Untuk memaksimalkan pakan ayam yaitu dengan menggunakan alat pakan yang berkualitas sehingga bisa membantu mempercepat proses pertumbuhan pada ayam. Dengan peralatan pakan yang berkualitas akan meminimalkan jumlah porsi pakan yang terbuang sehingga pemberian pakan sesuai porsinya akan lebih terasa efektif. Dan oleh karena itu para peternak harus pandai-pandai dalam memilih peralatan pakan ternak ayam yang berkualitas walaupun dengan harga yang relatif mahal.

 

6. Penempatan Tempat Minum

Selain peralatan pakan, keberadaan tempat minum juga harus diperhatikan secara seksama terutama untuk letak penempatan tempat minum ayam yang akurat.
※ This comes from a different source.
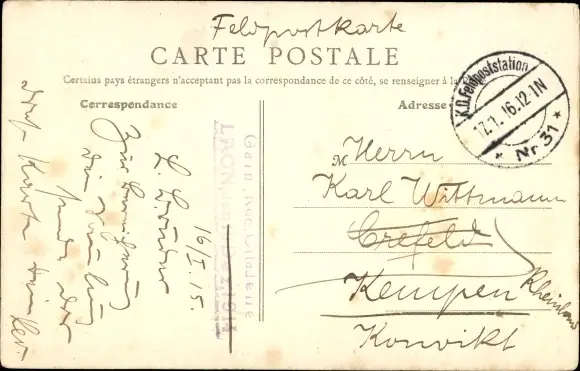 Zustand, siehe Scan, gelaufen, 1916 - ca 14 cm X 9 cm
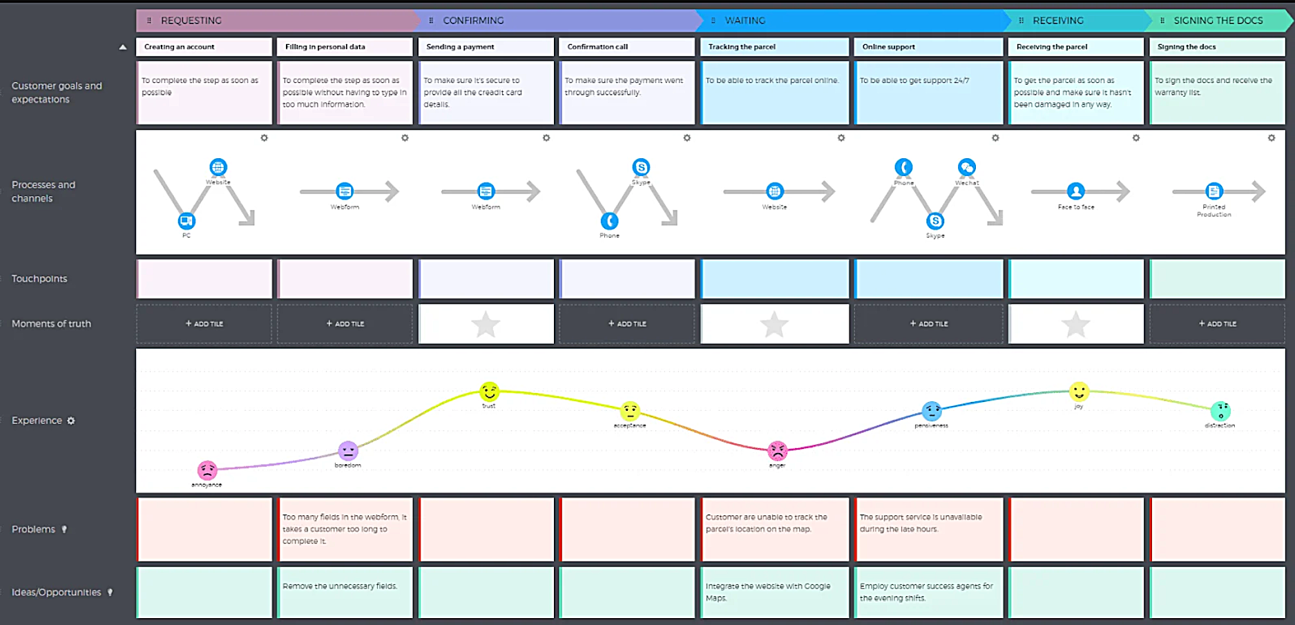 - Определите опыт и эмоции клиента, выявите возможные препятствия. Например, пользователи могут испытывать отрицательные эмоции из-за низкой скорости загрузки страниц, слишком долгой регистрации на сайте.

Apabila terdapat penempatan tempat minum yang terlalu dekat dengan keberadaan tempat pakan ternyata malah bisa menyebabkan air berpindah pada tempat pakan sehingga menyebabkan pakan ayam menjadi lebih cepat membusuk.Pakan yang membusuk sendiri memiliki kualitas rendah yang bisa memperlambat pertumbuhan ayam karena dalam kondisi tidak sehat serta beracun, dan oleh karena itu penempatan tempat minum letaknya harus cukup jauh dari lokasi tempat pakan.

 

7. Penggunaan Vitamin Tambahan

Untuk penggunaan vitamin tambahan biasanya harus sesuai dengan dosis yang tertera, apabila pemberian vitamin disini terlalu banyak ataupun melebihi dosis yang tertera dapat menyebabkan ayam terkena penyakit mencret karena vitamin yang diberikan tidak terserap secara sempurna oleh tubuh ayam.Pada sejatinya tubuh ayam sama seperti tubuh pada manusia, apabila kebutuhan vitamin yang diberikan ataupun dimasukkan sudah dirasa cukup maka yang lainnya akan dibuang otomatis melalui air seni. Hal demikian justru akan menambah kinerja ginjal pada ayam serta akan memperberat apabila memakai obat-obatan dalam waktu secara bersamaan.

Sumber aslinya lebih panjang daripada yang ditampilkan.